What are the current development needs of this tool? I'm really missing its output in projects I'm associated with. (note that I'm not committing to anything at this point.)

did you get a chance at further deletion @kaldari?

@chasemp: I've deleted everything older than 2011 now. Can you see how much disk space is being used currently?

Can you see how much disk space is being used currently?

du -hs p50380g50816__pop_stats
50G	p50380g50816__pop_stats

It has been over 4 months since the most recent popular pages updates, and the pages in projects in which I'm a member are getting stale. Is anything being done to resolve this?

@Stevietheman: Please create a seperate bug for that issue.

I thought this was the bug. Also, what would my bug state and where would it go?

@kaldari T118508: AQS: query multiple articles at the same time was declined (not for great reasons IMO, but whatever), but I thought that the rate limits were raised so that https://tools.wmflabs.org/massviews/ was more effective.
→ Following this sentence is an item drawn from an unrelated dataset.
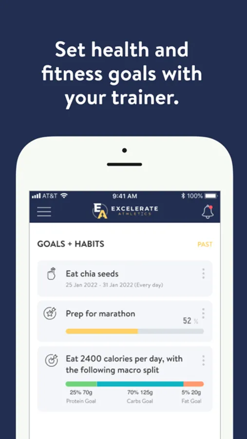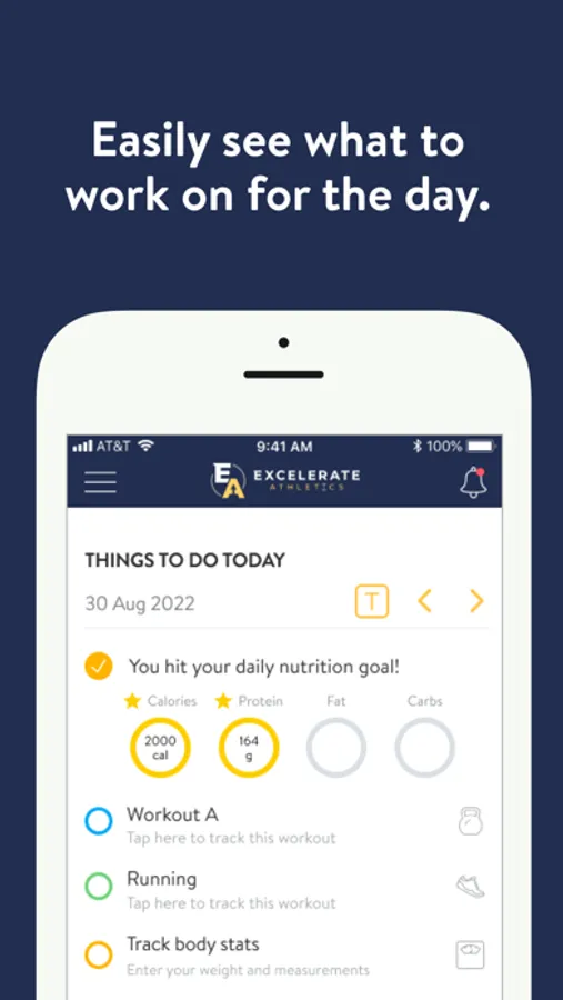 With the Excelerate Athletics App, you will have access to your customized workout program designed specifically to help you reach your fitness and health goals! You can follow & track your workouts, your nutrition, your lifestyle habits, measurements and results. Pairing this with our 1:1 coaching, your coach will be able to see how you are progressing and make real time adjustments to your protocols to ensure you are seeing the changes you desire!

In either case, can you purge a lot more data from this historical table?

I just deleted everything older than 2014, which was about half the tables.
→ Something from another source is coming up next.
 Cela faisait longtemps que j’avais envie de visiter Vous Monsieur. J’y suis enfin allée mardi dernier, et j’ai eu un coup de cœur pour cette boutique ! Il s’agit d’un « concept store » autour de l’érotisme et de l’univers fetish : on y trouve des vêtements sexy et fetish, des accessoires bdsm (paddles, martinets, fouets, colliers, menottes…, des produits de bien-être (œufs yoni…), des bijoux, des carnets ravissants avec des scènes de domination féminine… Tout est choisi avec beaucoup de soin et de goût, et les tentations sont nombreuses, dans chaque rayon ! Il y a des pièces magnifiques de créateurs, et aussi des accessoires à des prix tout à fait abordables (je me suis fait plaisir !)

Marostegui assigned this task to kaldari.

Thanks @kaldari, this went down to 35G

# du -sh  /srv/sqldata/p50380g50816__pop_stats/
35G	/srv/sqldata/p50380g50816__pop_stats/

I am going to close this as resolved, as right now we have quite some space available on labsdb1001 after we merged the partitions and this is no longer a big deal.
If someone still feels this needs to be cleaned up more - feel free to reopen!

I don't think we need to keep those 35G worth of data anymore even. The bot is gone forever and that data is pretty outdated. I can't think of a reason we'd ever need it.

If you guys think it can be dropped...go ahead! :-)